Do the three experimental conditions look similar to one another? Conduct a balance check on the pre-treatment covariates. A complete answer will provide a table and a few sentences answering the question (interpretation).

## Part 2, Question 2: Did the `HowToOnly` condition increase turnout compared to `Control`? Is this increase statistically significant?

Answer the question. A complete answer will provide a numerical answer and a few sentences answering the question (interpretation).

## Part 2, Question 3: Did the `BothMailers` condition increase turnout compared to `Control`? Is this increase statistically significant?

Answer the question. A complete answer will provide a numerical answer and a few sentences answering the question (interpretation).

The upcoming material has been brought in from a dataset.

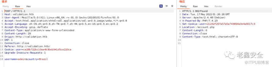>> curl -v -d "username=hack&country=Brazil'-- -" http://validation.htb

## Part 2, Question 4: Did the `BothMailers` condition increase turnout compared to `HowToOnly`? Is this increase statistically significant?

Answer the question. A complete answer will provide a numerical answer and a few sentences answering the question (interpretation).

## Part 2, Question 5: Compared to `Control`, what is the cost per vote of the `HowToOnly` only? What is the cost per vote of the `BothMailers` condition? `HowToOnly` cost \$0.50 and `BothMailers` cost \$1 per person treated.

Answer the question. A complete answer will provide a numerical answer and a few sentences answering the question (interpretation).